1 Why numbers between 3 and 7? The lower limit, 3, is what current phone and tablet interfaces have
settled on. The upper limit is 7 items because psychologists have determined that we may have a
maximum capacity for processing information, the same reason phone numbers started with at most 7
digits. Of course, no one really uses phone numbers any more.
Submission
No starter code is provided. Check your Java code — including any main function, interfaces and class
implementations — into a GitHub repository. Do not check in the data files (unigram_freq.csv or
misspelling.csv), but you may refer to them in comments or in the auxiliary files of your repository. Submit
the link to this GitHub repository on Canvas.
Grading
Your grade for this assignment will be determined as follows:
● 60% = Implementation: your class implementations must run successfully with valid input arrays.
The implementation must produce the expected results. Any deviation from the expected results
results in 0 credit for implementation. Each portion of the implementation (Trie, Data, Mechanism)
is equally weighted.
● 15% = Improvements (Thought Experiment): you must demonstrate that you have executed one
or more tests of your implementation, examined the results and have drawn larger conclusions
about the behaviour of your implementation, including: how it may be improved.
● 10% = Decomposition: in the eyes of the grader, your implementation must demonstrate a
reasonable object oriented decomposition — i.e. encapsulation, polymorphism and inheritance.

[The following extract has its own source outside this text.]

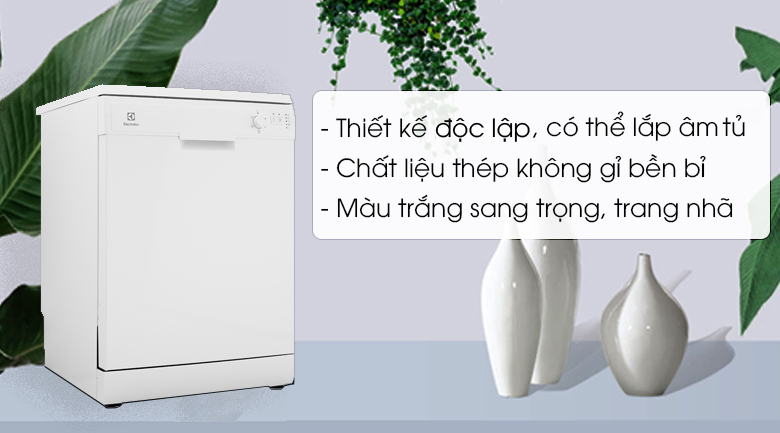 Máy rửa bát Electrolux ESF5206LOW 1950W có thiết kế góc cạnh tinh tế, với màu trắng sang trọng, chắc chắn sẽ làm nổi bật không gian nhà bếp của bạn. Ngoài ra sản phẩm được thiết kế độc lập gọn gàng nên linh hoạt cho việc bố trí ở mọi không gian bếp nhà bạn như lắp vào hộc tủ dưới kệ bếp (không lắp âm vào tường), để trên mặt bếp tiện lợi.

● 5% = Efficiency: in the eyes of the grader, your implementation must be maximally efficient with
respect to running time and required space. Despite the name, your submission for Part 2 is not
required to be faster than merge sort. However, it is required to be faster than the quadratic
sorting algorithms.
● 5% = Style: in the eyes of the grader, your implementation must be well-commented, use
intelligently-named variables and functions.
● 5% = Documentation: all required documents, “stopwatch” charts, running times and descriptions
must be clear and unambiguous, and these must match the true running time and true space of
your implementation